GM is said to have made stricter agreements for dealers participating in the HUMMER EV programbut so far it hasn’t stopped retailers from trying to slip in huge markups at the last possible second.
In the face of all this, “A” plans to retain the representation unless the dealer reconsiders its proposal. “I have nothing to lose in this business and have the financial ability to fight them just for fun. If it prevents it from happening again, I’m all for it,” says “A”
Meanwhile, other dealers are approaching “A” and other HUMMER EV reservation holders – offering to transfer their reservation to their own dealer without additional labeling or agreement. One is even offering a free flight and $1,000 in accessories to anyone who transfers their booking.

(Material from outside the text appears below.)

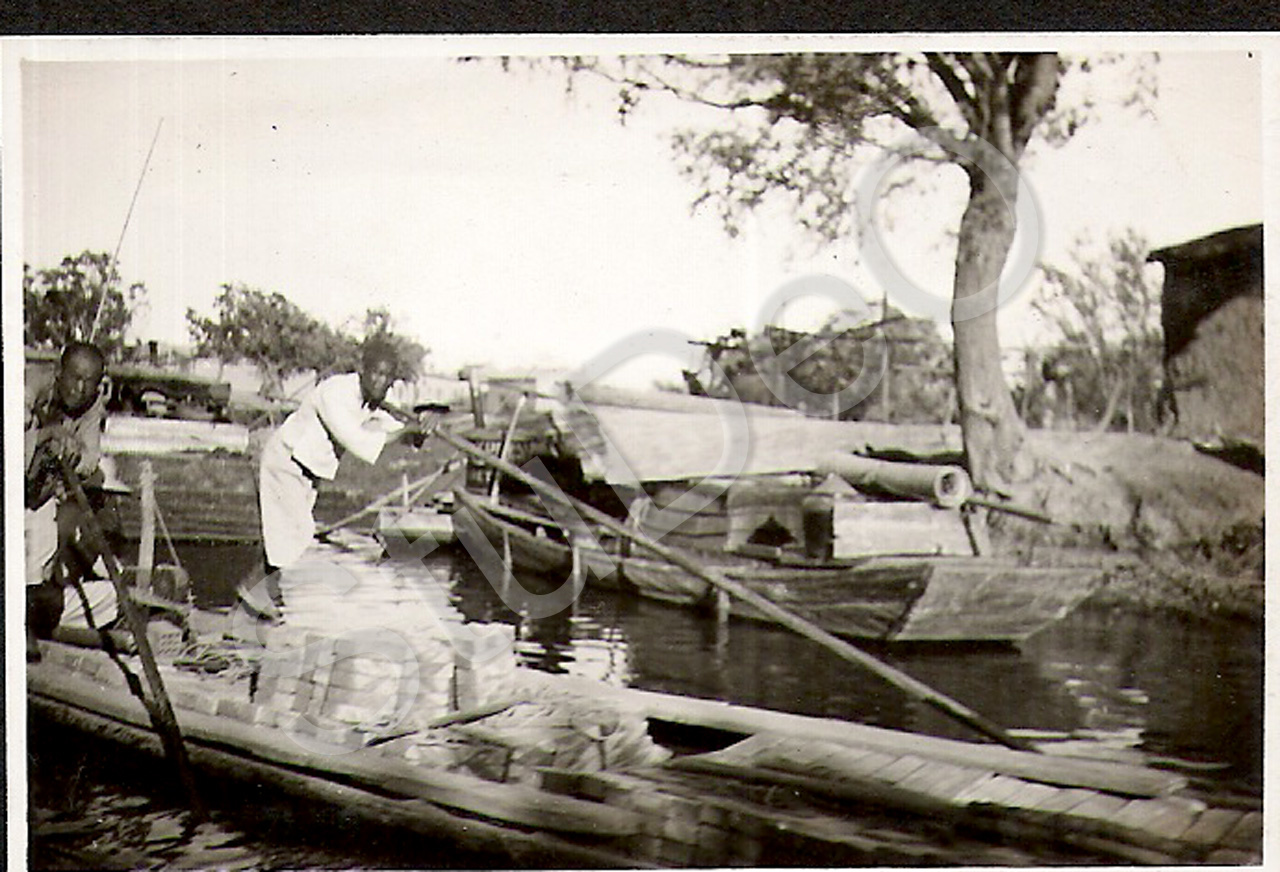 Beschreibung: Robert und Maria Puck (nicht im Bild) auf einer Bootsfahr auf den Kanälen am Race Course in Tientsin, Chinesen transportieren Waren auf Stocherkähnen.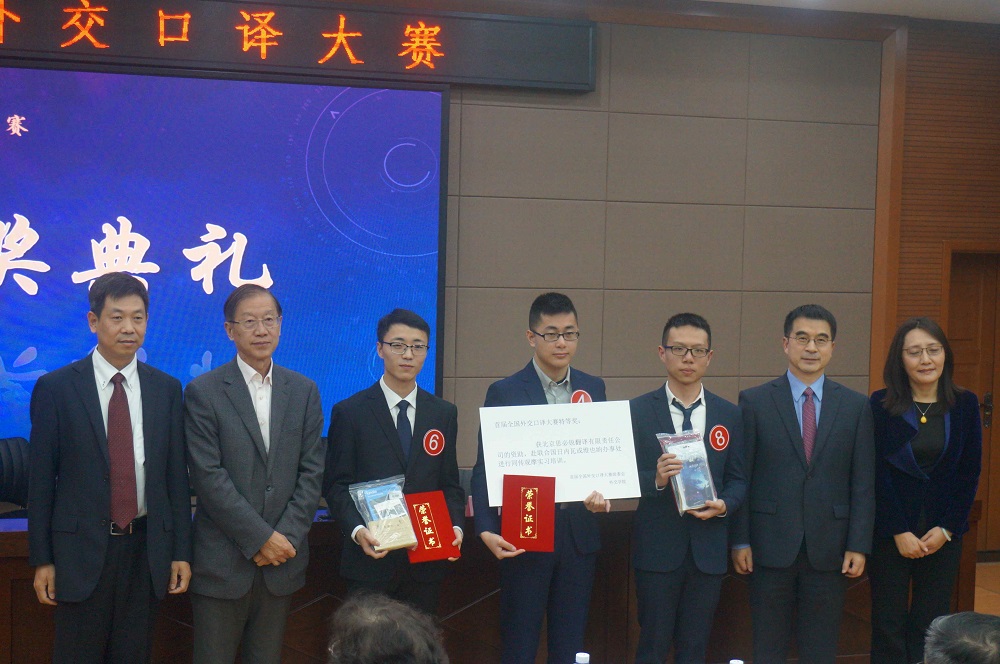 2019年11月2日,首届全国外交口译大赛在外交学院举行,水果派解说 水果派解说 英语口译专业(国际会议口译方向)2018级研究生、中欧高级译员培训中心学员钟霏钒和郑瑢两名选手凭借出色的专业水平和稳定的现场发挥,分别取得了决赛特等奖和复赛二等奖的优异成绩。

It is not clear whether these retailers would also request a “Right Of First Refusal”.
Even if it’s too late for “A” (once a HUMMER EV is shipped it can’t be transferred), everyone else with a HUMMER EV order should get warranties from their supplying dealer or transfer their order to a dealer that promises to do not sell with a markup.
GMC dealer response
I contacted the dealer and have yet to hear back from management.
The GMC’s response
I contacted the GMC about this story and they responded with two statements.
“We are investigating this specific case. We do not support sales practices or brokerage activities that undermine the integrity customers expect from the GMC brand.” -Chad Lyons, GMC Communications
“To protect the privacy of all involved, we are not providing specific details about this situation. We encourage both independent parties to resolve this matter in a positive manner.” -Mikhael Farah, GMC Communications
Other responses from GMC dealers
After publishing this article, GM-Trucks.com was contacted by two different GMC dealers explaining why this “No Resale” policy may have been implemented. Employees of both dealerships expressed that several vehicles at their dealerships have recently been sold to customers at MSRP and quickly resold at a profit by customers who had no intention of owning them.
A Michigan dealer has immediately turned over all three GMC HUMMER EV deliveries they have sold on sticker. The other has yet to receive a HUMMER EV but has had a Cadillac Escalade and another vehicle immediately turned around.
From a business perspective, this may shed more light on why retailers can get extra protection from their “sell on sticker” goodwill during a tough industry period.